De veelzijdigheid van ChIP analyses die in dit protocol kan worden gebruikt op verschillende weefsels, die een kans om de chromatine staat te studeren in een biologisch relevante systeem biedt. ChIP experimenten met gekweekte cellen systemen geschikt uitvoeren omdat grote hoeveelheden cellen kunnen gemakkelijk worden verkregen. Echter, gekweekte cellen niet noodzakelijk cellen in een meercellige omgeving. Door het ontwikkelen van deze techniek met behulp van ontleed weefsel van levende dieren, kunnen we in op vele vragen die gekweekte cellen niet kan.
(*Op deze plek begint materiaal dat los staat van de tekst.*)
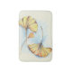 A trio of ginkgo biloba leaves in fall hues of yellow, gold and orange on a cream coloured background is featured in this design created in soft pastel.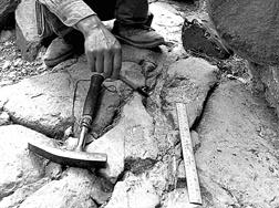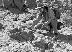 El paleontólogo boliviano David Keremba estudia la huella de un

Ondanks het nut van dit protocol, zijn er verschillende valkuilen. Bijvoorbeeld, de ontleed weefsel nog heterogeen verschillende celtypen. Terwijl relatief homogene cellen worden verkregen in Drosophila weefsels zoals denkbeeldige schijven andere weefsels zoals darmen, testes en eierstokken welke allen beperkt stamcellen heterogeen zijn. Deze complicatie kan gedeeltelijk wordenaangepakt met behulp van krachtige Drosophila genetica. Bijvoorbeeld, hoewel volwassen stamcellen bestaan ​​in een kleine populatie in weefsels hierboven besproken en zijn uiterst moeilijk te worden geïsoleerd in een voldoende aantal voor Chip-analyse, kunnen stamcellen bevolking verrijkt worden met behulp van genetisch gemuteerde achtergrond. De bam gen noodzakelijk is voor stamcellen differentiatie in Drosophila kiembaan lijn ^5,6. Daarom bam mutant geslachtsklieren zijn een goede bron voor verrijkte ongedifferentieerde kiemcellen. Door het uitvoeren van chip met behulp van bam mutant, kunnen we het verkrijgen van een epigenomisch landschap in ongedifferentieerde kiemcellen.